## TASK ITEM
Exact wording is required for every entry; transcribe all of them and leave the images out.

Items listed in a dataset
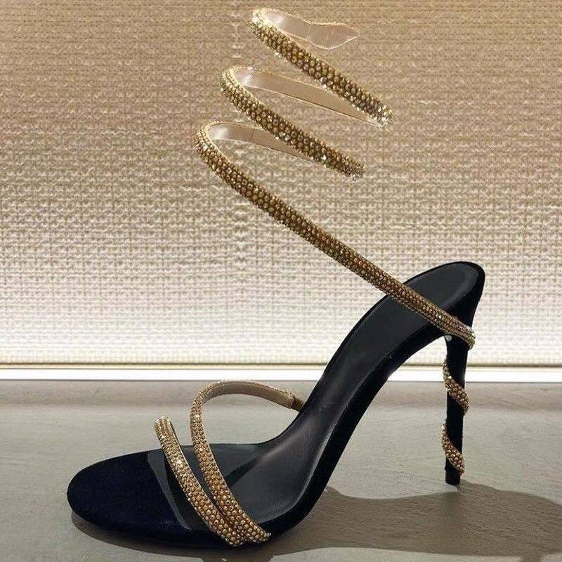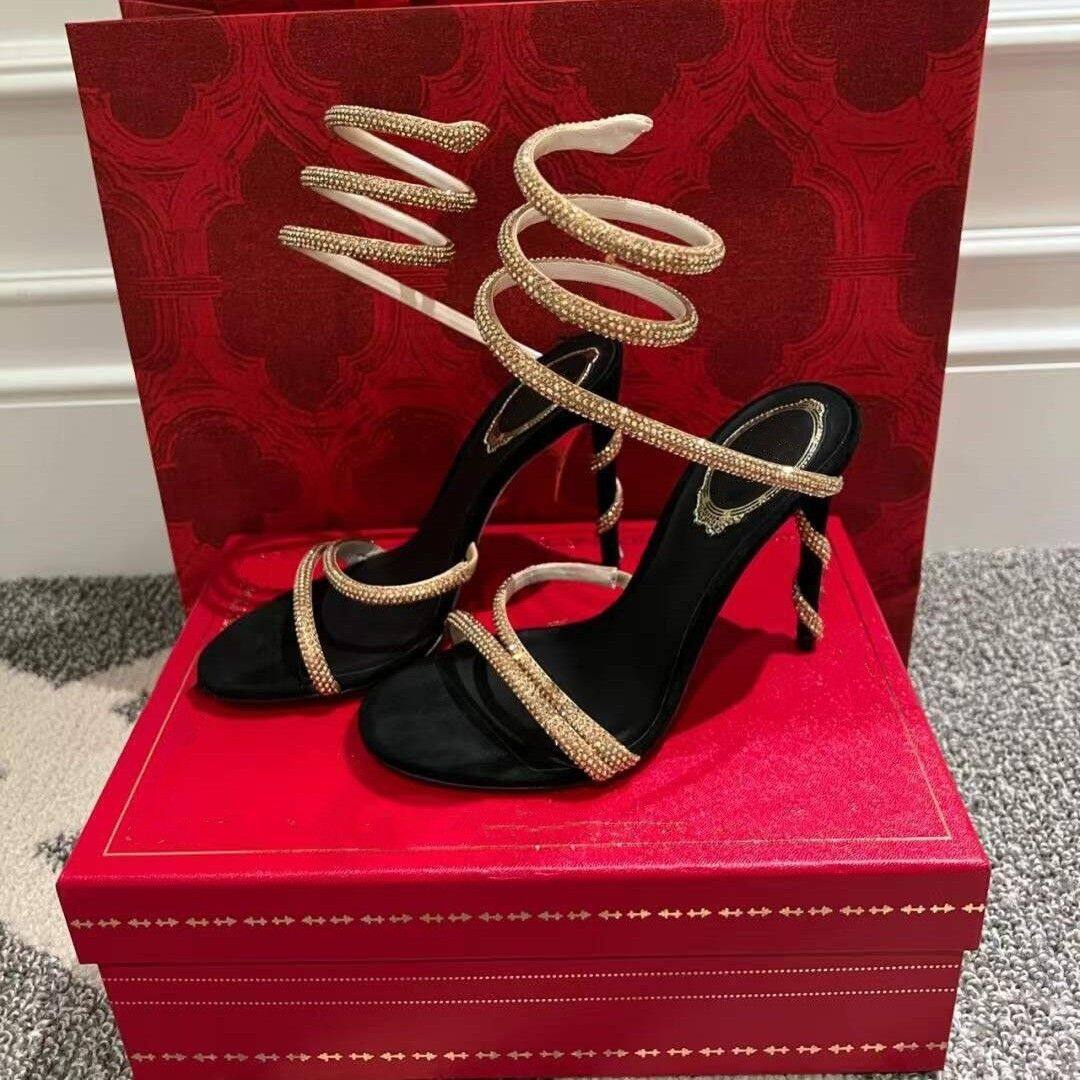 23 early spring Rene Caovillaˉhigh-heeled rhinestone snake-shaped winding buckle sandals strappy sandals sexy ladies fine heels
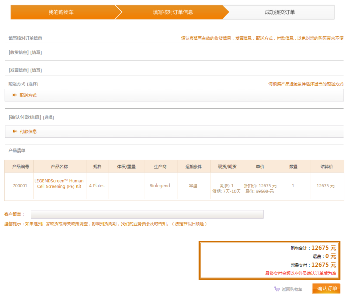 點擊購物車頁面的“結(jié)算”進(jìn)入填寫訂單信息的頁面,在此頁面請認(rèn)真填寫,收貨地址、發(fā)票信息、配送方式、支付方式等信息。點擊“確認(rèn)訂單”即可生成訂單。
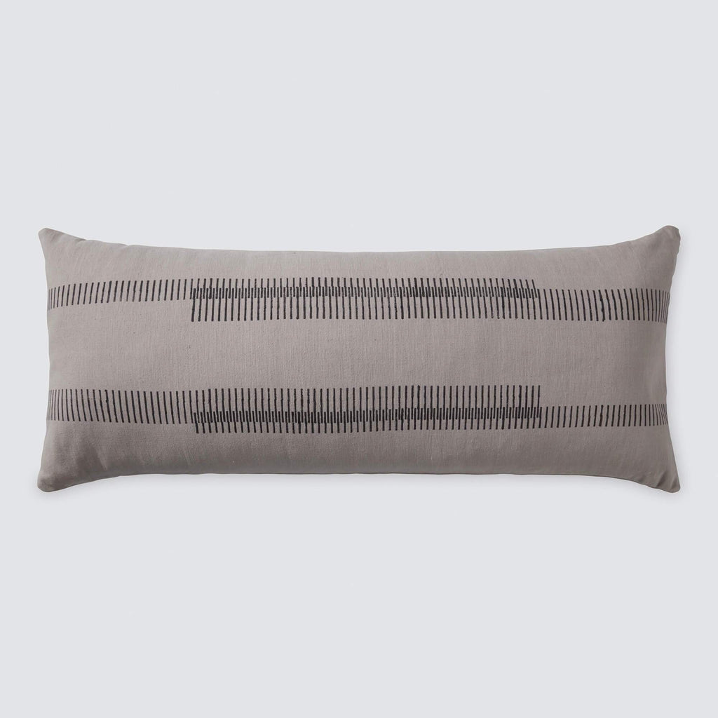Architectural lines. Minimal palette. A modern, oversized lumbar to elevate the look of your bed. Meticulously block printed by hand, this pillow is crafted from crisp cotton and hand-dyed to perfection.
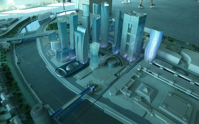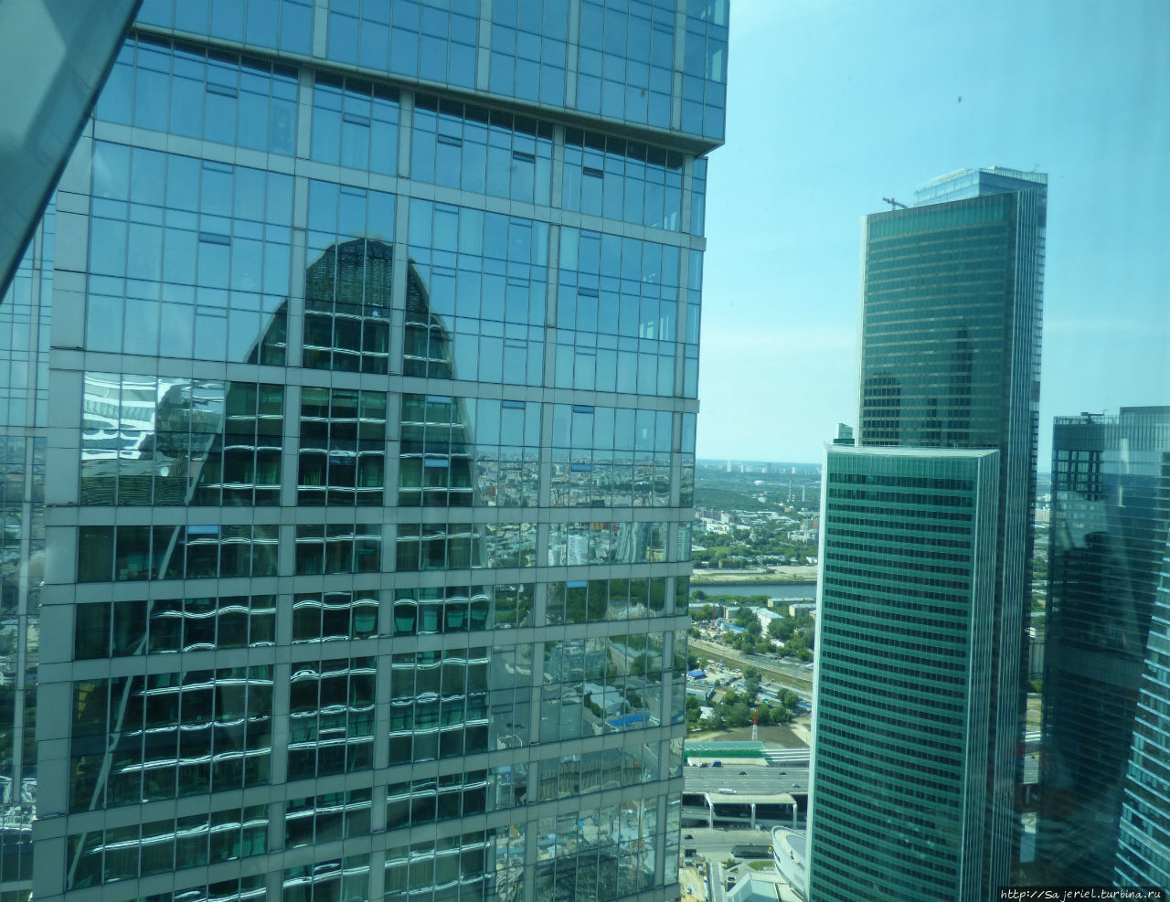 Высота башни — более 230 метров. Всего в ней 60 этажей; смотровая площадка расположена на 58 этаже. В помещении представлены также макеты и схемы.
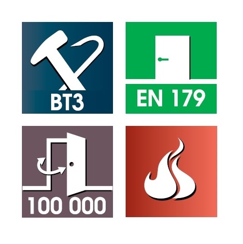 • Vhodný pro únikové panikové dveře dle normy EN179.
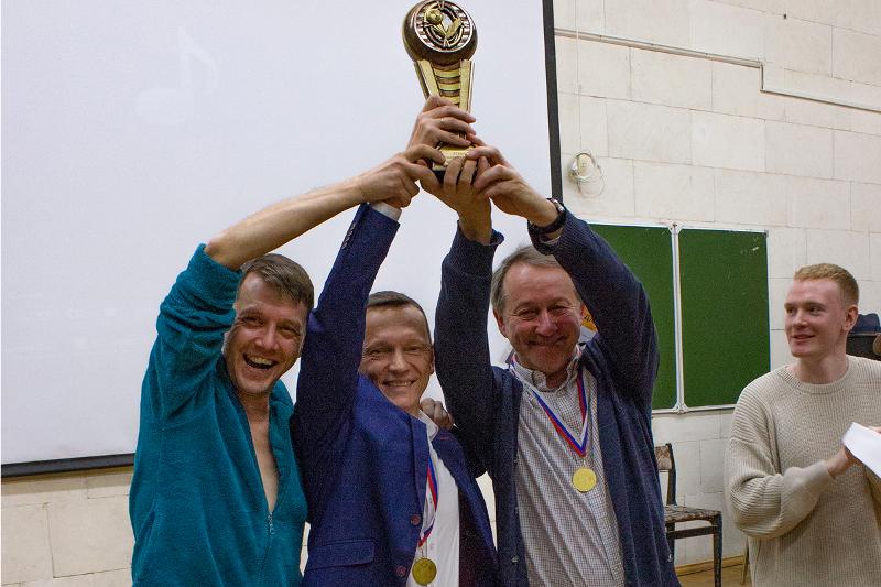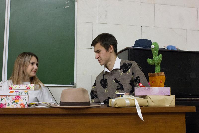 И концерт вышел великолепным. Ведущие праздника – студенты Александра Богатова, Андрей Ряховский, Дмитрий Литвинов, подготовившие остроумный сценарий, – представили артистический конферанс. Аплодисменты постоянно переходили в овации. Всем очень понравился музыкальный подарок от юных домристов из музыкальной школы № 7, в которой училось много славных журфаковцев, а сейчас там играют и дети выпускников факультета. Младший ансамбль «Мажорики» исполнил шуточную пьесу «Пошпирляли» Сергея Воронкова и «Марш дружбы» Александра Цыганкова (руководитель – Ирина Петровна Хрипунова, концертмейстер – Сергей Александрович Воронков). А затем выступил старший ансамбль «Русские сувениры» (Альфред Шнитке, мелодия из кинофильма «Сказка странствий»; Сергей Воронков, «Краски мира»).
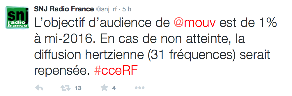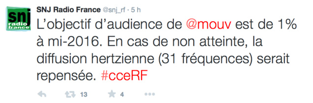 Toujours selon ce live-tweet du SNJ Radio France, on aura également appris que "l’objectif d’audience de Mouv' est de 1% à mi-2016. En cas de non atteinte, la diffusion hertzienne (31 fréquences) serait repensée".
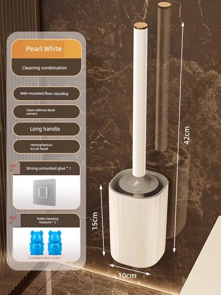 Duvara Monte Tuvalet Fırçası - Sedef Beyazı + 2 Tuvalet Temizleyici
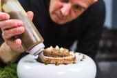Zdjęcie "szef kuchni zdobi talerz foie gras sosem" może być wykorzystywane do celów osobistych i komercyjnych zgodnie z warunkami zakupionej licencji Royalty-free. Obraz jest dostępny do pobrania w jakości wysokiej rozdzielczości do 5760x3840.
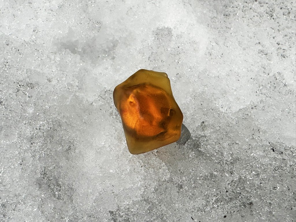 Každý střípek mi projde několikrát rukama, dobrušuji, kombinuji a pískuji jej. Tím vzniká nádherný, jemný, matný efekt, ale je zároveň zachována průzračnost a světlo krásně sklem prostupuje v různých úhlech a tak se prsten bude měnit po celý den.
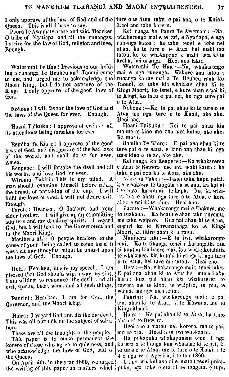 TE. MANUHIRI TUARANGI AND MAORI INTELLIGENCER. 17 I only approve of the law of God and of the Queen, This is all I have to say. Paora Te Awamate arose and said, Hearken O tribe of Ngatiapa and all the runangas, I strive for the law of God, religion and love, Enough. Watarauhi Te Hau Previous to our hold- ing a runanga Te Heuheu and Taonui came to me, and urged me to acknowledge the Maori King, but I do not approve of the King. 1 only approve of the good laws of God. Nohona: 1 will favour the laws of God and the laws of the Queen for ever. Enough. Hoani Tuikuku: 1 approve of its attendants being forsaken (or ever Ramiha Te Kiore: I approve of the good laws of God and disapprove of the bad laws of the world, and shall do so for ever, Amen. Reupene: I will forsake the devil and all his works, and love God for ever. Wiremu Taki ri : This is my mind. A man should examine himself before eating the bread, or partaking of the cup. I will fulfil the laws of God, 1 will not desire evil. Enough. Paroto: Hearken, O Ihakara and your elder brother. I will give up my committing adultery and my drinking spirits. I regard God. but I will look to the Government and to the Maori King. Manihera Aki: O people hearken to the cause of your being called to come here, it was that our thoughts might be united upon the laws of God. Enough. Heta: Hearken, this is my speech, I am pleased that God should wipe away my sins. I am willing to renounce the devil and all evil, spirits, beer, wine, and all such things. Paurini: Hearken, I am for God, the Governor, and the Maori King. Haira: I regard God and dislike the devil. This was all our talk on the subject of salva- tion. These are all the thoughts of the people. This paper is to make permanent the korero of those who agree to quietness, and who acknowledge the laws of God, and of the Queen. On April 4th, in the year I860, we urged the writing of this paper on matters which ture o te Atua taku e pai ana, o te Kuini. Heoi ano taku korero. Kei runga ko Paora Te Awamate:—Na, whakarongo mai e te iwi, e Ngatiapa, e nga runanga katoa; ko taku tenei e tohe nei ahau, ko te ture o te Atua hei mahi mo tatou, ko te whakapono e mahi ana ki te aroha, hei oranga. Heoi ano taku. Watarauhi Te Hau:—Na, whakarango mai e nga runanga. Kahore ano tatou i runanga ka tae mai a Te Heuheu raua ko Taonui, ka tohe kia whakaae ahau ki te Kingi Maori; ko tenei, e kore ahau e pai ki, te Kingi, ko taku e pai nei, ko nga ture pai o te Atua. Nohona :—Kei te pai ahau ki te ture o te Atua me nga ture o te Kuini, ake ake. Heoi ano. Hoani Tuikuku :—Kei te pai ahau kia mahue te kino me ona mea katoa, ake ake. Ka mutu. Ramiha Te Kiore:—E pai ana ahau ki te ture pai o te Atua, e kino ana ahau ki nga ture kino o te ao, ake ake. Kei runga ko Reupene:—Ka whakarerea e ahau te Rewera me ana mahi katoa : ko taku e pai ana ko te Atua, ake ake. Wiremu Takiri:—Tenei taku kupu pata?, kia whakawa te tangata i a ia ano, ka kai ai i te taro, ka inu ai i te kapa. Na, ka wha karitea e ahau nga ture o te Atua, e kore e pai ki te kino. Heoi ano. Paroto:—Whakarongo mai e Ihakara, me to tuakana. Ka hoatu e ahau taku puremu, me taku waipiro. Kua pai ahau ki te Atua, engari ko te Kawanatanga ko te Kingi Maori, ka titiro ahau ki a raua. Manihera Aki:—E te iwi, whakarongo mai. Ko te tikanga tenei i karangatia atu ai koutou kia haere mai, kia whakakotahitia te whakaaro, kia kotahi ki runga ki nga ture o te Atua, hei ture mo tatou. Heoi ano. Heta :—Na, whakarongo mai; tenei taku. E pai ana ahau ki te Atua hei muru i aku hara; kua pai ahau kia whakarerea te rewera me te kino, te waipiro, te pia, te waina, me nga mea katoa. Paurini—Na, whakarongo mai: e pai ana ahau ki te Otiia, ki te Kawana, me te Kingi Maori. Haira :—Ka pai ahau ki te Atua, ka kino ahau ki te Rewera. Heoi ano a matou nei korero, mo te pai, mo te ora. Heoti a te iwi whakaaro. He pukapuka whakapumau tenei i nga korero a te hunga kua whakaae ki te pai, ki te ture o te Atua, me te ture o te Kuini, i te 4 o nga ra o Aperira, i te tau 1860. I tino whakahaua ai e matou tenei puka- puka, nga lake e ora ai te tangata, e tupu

## EXERCISE SOLUTION
 23 early spring Rene Caovillaˉhigh-heeled rhinestone snake-shaped winding buckle sandals strappy sandals sexy ladies fine heels
 點擊購物車頁面的“結(jié)算”進(jìn)入填寫訂單信息的頁面,在此頁面請認(rèn)真填寫,收貨地址、發(fā)票信息、配送方式、支付方式等信息。點擊“確認(rèn)訂單”即可生成訂單。
Architectural lines. Minimal palette. A modern, oversized lumbar to elevate the look of your bed. Meticulously block printed by hand, this pillow is crafted from crisp cotton and hand-dyed to perfection.
 Высота башни — более 230 метров. Всего в ней 60 этажей; смотровая площадка расположена на 58 этаже. В помещении представлены также макеты и схемы.
 • Vhodný pro únikové panikové dveře dle normy EN179.
 И концерт вышел великолепным. Ведущие праздника – студенты Александра Богатова, Андрей Ряховский, Дмитрий Литвинов, подготовившие остроумный сценарий, – представили артистический конферанс. Аплодисменты постоянно переходили в овации. Всем очень понравился музыкальный подарок от юных домристов из музыкальной школы № 7, в которой училось много славных журфаковцев, а сейчас там играют и дети выпускников факультета. Младший ансамбль «Мажорики» исполнил шуточную пьесу «Пошпирляли» Сергея Воронкова и «Марш дружбы» Александра Цыганкова (руководитель – Ирина Петровна Хрипунова, концертмейстер – Сергей Александрович Воронков). А затем выступил старший ансамбль «Русские сувениры» (Альфред Шнитке, мелодия из кинофильма «Сказка странствий»; Сергей Воронков, «Краски мира»).
 Toujours selon ce live-tweet du SNJ Radio France, on aura également appris que "l’objectif d’audience de Mouv' est de 1% à mi-2016. En cas de non atteinte, la diffusion hertzienne (31 fréquences) serait repensée".
 Duvara Monte Tuvalet Fırçası - Sedef Beyazı + 2 Tuvalet Temizleyici
Zdjęcie "szef kuchni zdobi talerz foie gras sosem" może być wykorzystywane do celów osobistych i komercyjnych zgodnie z warunkami zakupionej licencji Royalty-free. Obraz jest dostępny do pobrania w jakości wysokiej rozdzielczości do 5760x3840.
 Každý střípek mi projde několikrát rukama, dobrušuji, kombinuji a pískuji jej. Tím vzniká nádherný, jemný, matný efekt, ale je zároveň zachována průzračnost a světlo krásně sklem prostupuje v různých úhlech a tak se prsten bude měnit po celý den.
 TE. MANUHIRI TUARANGI AND MAORI INTELLIGENCER. 17 I only approve of the law of God and of the Queen, This is all I have to say. Paora Te Awamate arose and said, Hearken O tribe of Ngatiapa and all the runangas, I strive for the law of God, religion and love, Enough. Watarauhi Te Hau Previous to our hold- ing a runanga Te Heuheu and Taonui came to me, and urged me to acknowledge the Maori King, but I do not approve of the King. 1 only approve of the good laws of God. Nohona: 1 will favour the laws of God and the laws of the Queen for ever. Enough. Hoani Tuikuku: 1 approve of its attendants being forsaken (or ever Ramiha Te Kiore: I approve of the good laws of God and disapprove of the bad laws of the world, and shall do so for ever, Amen. Reupene: I will forsake the devil and all his works, and love God for ever. Wiremu Taki ri : This is my mind. A man should examine himself before eating the bread, or partaking of the cup. I will fulfil the laws of God, 1 will not desire evil. Enough. Paroto: Hearken, O Ihakara and your elder brother. I will give up my committing adultery and my drinking spirits. I regard God. but I will look to the Government and to the Maori King. Manihera Aki: O people hearken to the cause of your being called to come here, it was that our thoughts might be united upon the laws of God. Enough. Heta: Hearken, this is my speech, I am pleased that God should wipe away my sins. I am willing to renounce the devil and all evil, spirits, beer, wine, and all such things. Paurini: Hearken, I am for God, the Governor, and the Maori King. Haira: I regard God and dislike the devil. This was all our talk on the subject of salva- tion. These are all the thoughts of the people. This paper is to make permanent the korero of those who agree to quietness, and who acknowledge the laws of God, and of the Queen. On April 4th, in the year I860, we urged the writing of this paper on matters which ture o te Atua taku e pai ana, o te Kuini. Heoi ano taku korero. Kei runga ko Paora Te Awamate:—Na, whakarongo mai e te iwi, e Ngatiapa, e nga runanga katoa; ko taku tenei e tohe nei ahau, ko te ture o te Atua hei mahi mo tatou, ko te whakapono e mahi ana ki te aroha, hei oranga. Heoi ano taku. Watarauhi Te Hau:—Na, whakarango mai e nga runanga. Kahore ano tatou i runanga ka tae mai a Te Heuheu raua ko Taonui, ka tohe kia whakaae ahau ki te Kingi Maori; ko tenei, e kore ahau e pai ki, te Kingi, ko taku e pai nei, ko nga ture pai o te Atua. Nohona :—Kei te pai ahau ki te ture o te Atua me nga ture o te Kuini, ake ake. Heoi ano. Hoani Tuikuku :—Kei te pai ahau kia mahue te kino me ona mea katoa, ake ake. Ka mutu. Ramiha Te Kiore:—E pai ana ahau ki te ture pai o te Atua, e kino ana ahau ki nga ture kino o te ao, ake ake. Kei runga ko Reupene:—Ka whakarerea e ahau te Rewera me ana mahi katoa : ko taku e pai ana ko te Atua, ake ake. Wiremu Takiri:—Tenei taku kupu pata?, kia whakawa te tangata i a ia ano, ka kai ai i te taro, ka inu ai i te kapa. Na, ka wha karitea e ahau nga ture o te Atua, e kore e pai ki te kino. Heoi ano. Paroto:—Whakarongo mai e Ihakara, me to tuakana. Ka hoatu e ahau taku puremu, me taku waipiro. Kua pai ahau ki te Atua, engari ko te Kawanatanga ko te Kingi Maori, ka titiro ahau ki a raua. Manihera Aki:—E te iwi, whakarongo mai. Ko te tikanga tenei i karangatia atu ai koutou kia haere mai, kia whakakotahitia te whakaaro, kia kotahi ki runga ki nga ture o te Atua, hei ture mo tatou. Heoi ano. Heta :—Na, whakarongo mai; tenei taku. E pai ana ahau ki te Atua hei muru i aku hara; kua pai ahau kia whakarerea te rewera me te kino, te waipiro, te pia, te waina, me nga mea katoa. Paurini—Na, whakarongo mai: e pai ana ahau ki te Otiia, ki te Kawana, me te Kingi Maori. Haira :—Ka pai ahau ki te Atua, ka kino ahau ki te Rewera. Heoi ano a matou nei korero, mo te pai, mo te ora. Heoti a te iwi whakaaro. He pukapuka whakapumau tenei i nga korero a te hunga kua whakaae ki te pai, ki te ture o te Atua, me te ture o te Kuini, i te 4 o nga ra o Aperira, i te tau 1860. I tino whakahaua ai e matou tenei puka- puka, nga lake e ora ai te tangata, e tupu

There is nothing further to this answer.